1. Portare le uova alla temperatura giusta

Tirate le uova dal frigorifero almeno un'ora prima di iniziare. Questo passaggio non è facoltativo: le uova fredde montano poco e male, perché le proteine dell'albume faticano a inglobare aria quando la temperatura è bassa. L'obiettivo è ottenere un composto che triplichi il suo volume, e questo accade in modo ottimale intorno ai 20–22 °C. Se avete dimenticato di tirarle fuori, immergete le uova intere (con guscio) in una ciotola di acqua tiepida per 10 minuti. Nel frattempo, preriscaldate il forno a 170 °C statico — mai ventilato, che asciuga la superficie prima che l'interno si cuocia — e foderate lo stampo a cerniera con carta da forno sul fondo, lasciando i bordi non imburrati: il pan di Spagna deve potersi "aggrappare" alle pareti per salire.

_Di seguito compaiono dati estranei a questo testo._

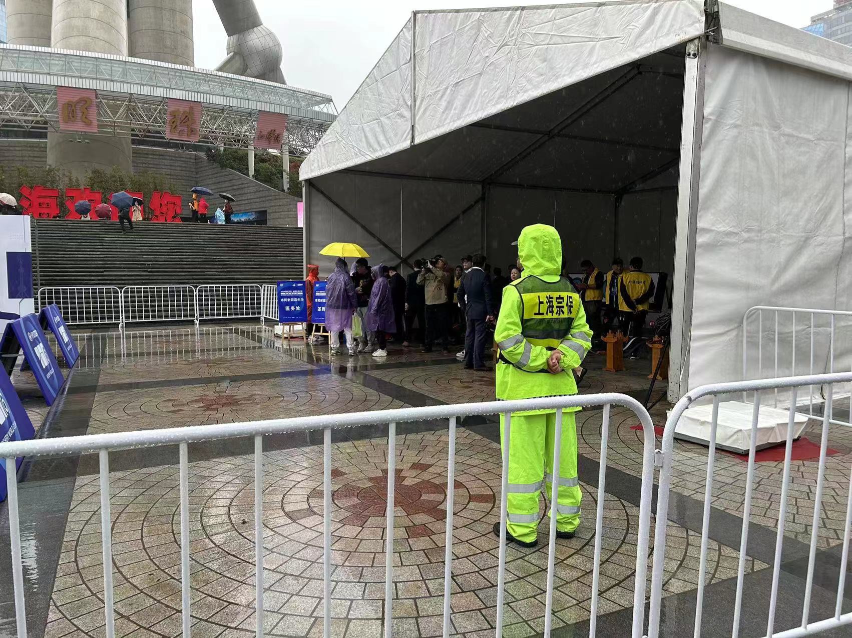 活動(dòng)當(dāng)天申城持續(xù)降雨,全體安保人員不懼風(fēng)雨、堅(jiān)守崗位,協(xié)助舉辦方做好人流疏導(dǎo)、場(chǎng)地巡查等秩序維護(hù)工作,助力完成了2024射箭世界杯賽上海站市民射箭嘉年華啟動(dòng)儀式安保任務(wù)。
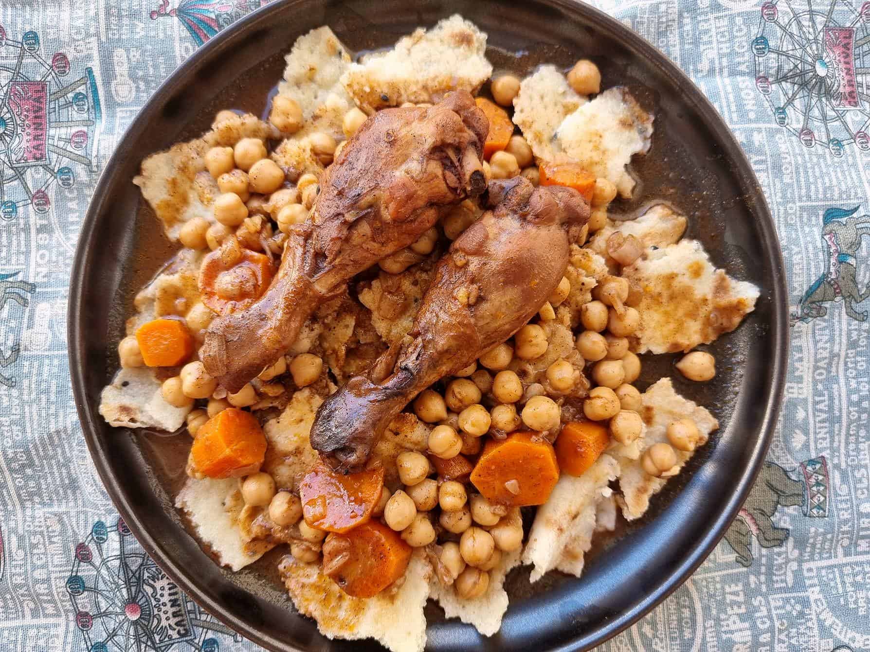 - Arrange steamed torn flatbread on a plate, pour spiced tomato broth to soften it, and top with chicken, carrots, and chickpeas. Enjoy!
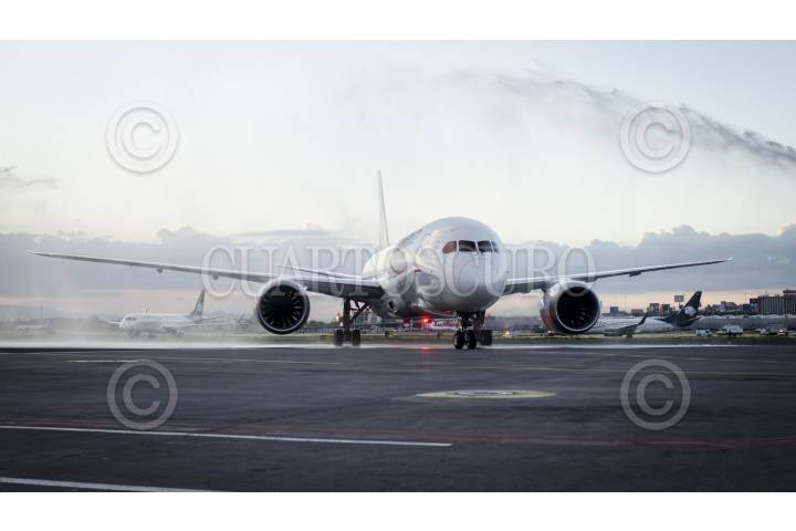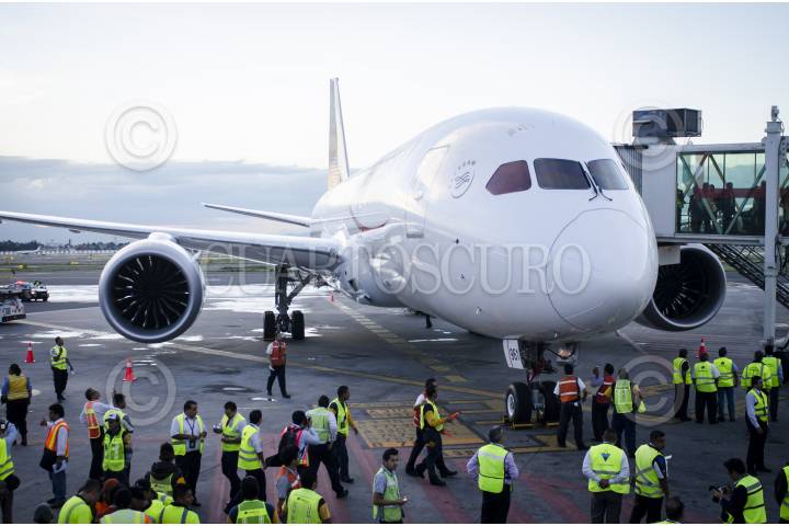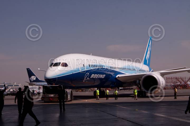 MÉXICO, D.F., 07MARZO2012.- La tarde de hoy aterrizó por primera vez en el Aeropuerto Internacional de la Ciudad de México un avión Boeing 787 Dreamliner, como parte de una gira que realiza alrededor del mundo, como parte de la gira mundial Dream Tour que comenzó el 1 de marzo e incluyen visitas en Canadá y Estados Unidos. FOTO: SAÚL LÓPEZ /CUARTOSCURO.COM
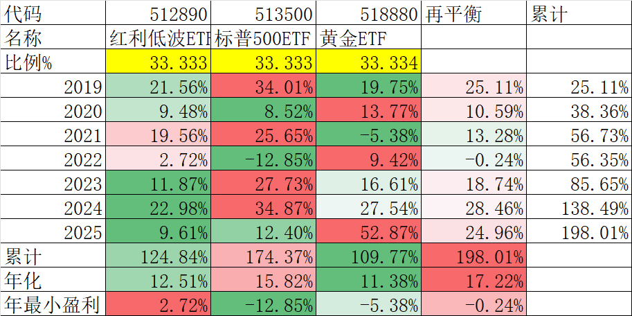 我在雪球上有个由红利低波ETF(512890)、标普500ETF(513500)、黄金ETF(518880)三个ETF等权组成的组合,仅仅每年做一次再平衡:
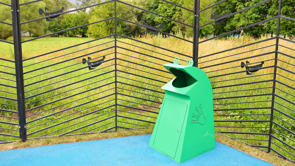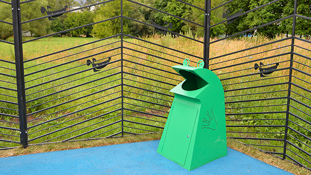Площадка оснащена входом-тамбуром с двойными воротами, которые предотвращают случайный выход собаки за пределы ограждённой территории. Установлены специальные контейнеры для уборки за питомцами и информационные стенды с актуальной информацией для владельцев собак.

2. Montare le uova intere con lo zucchero

Rompete le uova intere nella ciotola della planetaria. Aggiungete lo zucchero, il sale e i semi della bacca di vaniglia. Avviate le fruste a velocità media per i primi 2 minuti, poi portate alla velocità massima e montate per almeno 15–18 minuti senza interruzioni. Il composto deve diventare bianco, denso, quasi solido: quando sollevate la frusta e lasciate cadere un nastro di impasto, questo deve restare in superficie per qualche secondo prima di affondare — in pasticceria si chiama stadio a nastro o ribbon stage. È il segnale che le uova hanno inglobato abbastanza aria da sostenere la struttura senza bisogno di lievito chimico. Se montate a mano con fruste elettriche, contateci almeno 20 minuti: la stanchezza è parte della ricetta.

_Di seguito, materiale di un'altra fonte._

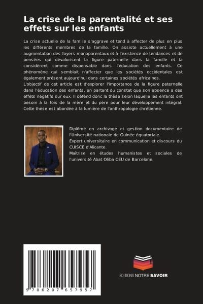 La crise actuelle de la famille s'aggrave et tend à affecter de plus en plus les différents membres de la famille. On assiste actuellement à une augmentation des foyers monoparentaux et à l'existence de tendances et de pensées qui dévalorisent la figure paternelle dans la famille et la considèrent comme dispensable dans l'éducation des enfants. Ce phénomène qui semblait n'affecter que les sociétés occidentales est également présent aujourd'hui dans certaines sociétés africaines.L'objectif de cet article est d'explorer l'importance de la figure paternelle dans l'éducation des enfants, en partant du constat que son absence a des effets négatifs sur eux. Il défend donc la thèse selon laquelle les enfants ont besoin à la fois de la mère et du père pour leur développement intégral. Cette thèse est abordée à la lumière de l'anthropologie chrétienne.
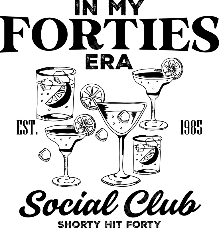 In My Forties Era Social Club DTF Transfer | 40th Birthday Drinking Design
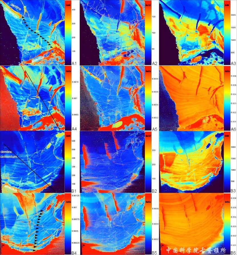 图3 第二下前臼齿齿冠釉质显示元素富集的变化规律
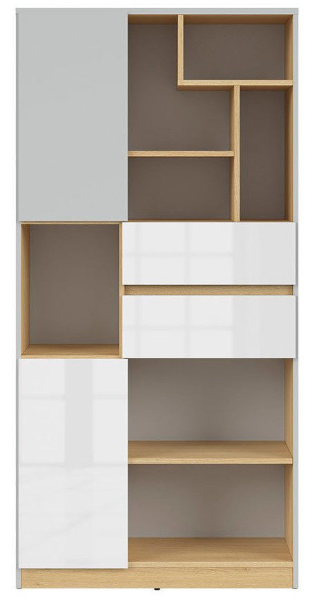 - Korpusas derinamas šviesiai pilkos / lenkiškos ąžuolo (vidus ir lentynos). Šis santūrus derinys yra stilingas rėmas fasadams balta blizgančia danga. Spalvų ir dizainų gerbėjams paruošėme papildomą variantą - stalčiaus fasadą su komiksų arba arabeskos spauda.
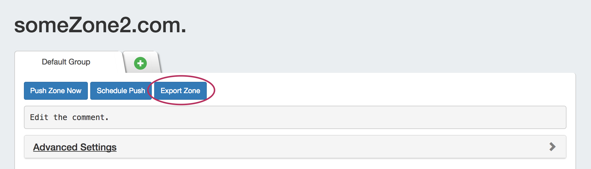 The View Zone page, accessed from clicking on the zone name in the Group zone list, includes a "Push Zone Now" button that immediately attempts to push the zone to the attached server(s).
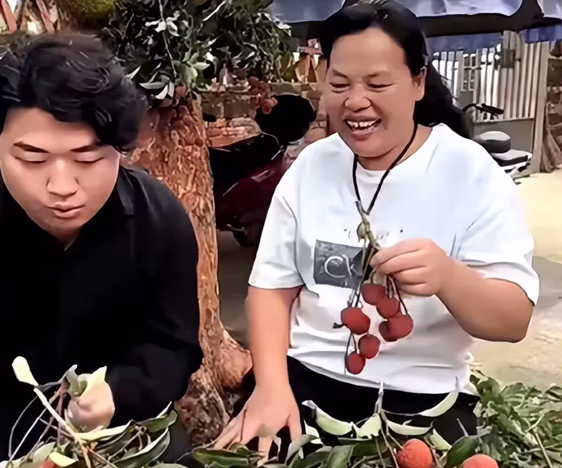對著身旁正熱情帶貨的兒子開玩笑道:
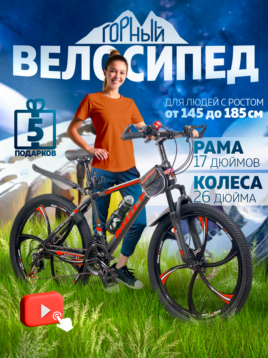 Горный велосипед скоростной, колёса — 26″, рама — 17″, черно-красный: сравнение цен, характеристики, фото, актуальное наличие и цены.
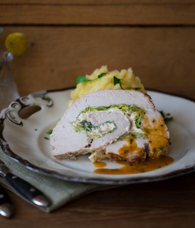 Putenrollbraten gefüllt mit Wirsing und Frischkäse

3. Incorporare le polveri con movimenti precisi

Setacciate insieme farina 00 e fecola di patate direttamente sul composto montato, in tre aggiunte successive. Tra un'aggiunta e l'altra, incorporate con la spatola in silicone usando movimenti ampi dal basso verso l'alto, ruotando la ciotola di circa un quarto di giro a ogni passaggio: il gesto si chiama folding, e il suo scopo è preservare le bolle d'aria faticosamente create nella fase precedente. Non mescolate mai in modo circolare o rapido: ogni giro brusco distrugge centinaia di microbolle e compromette la lievitazione fisica dell'impasto. Il composto è pronto quando la farina è completamente assorbita e non si vedono più tracce bianche: la consistenza finale deve essere densa ma fluida, simile a uno yogurt cremoso che cola lentamente dalla spatola.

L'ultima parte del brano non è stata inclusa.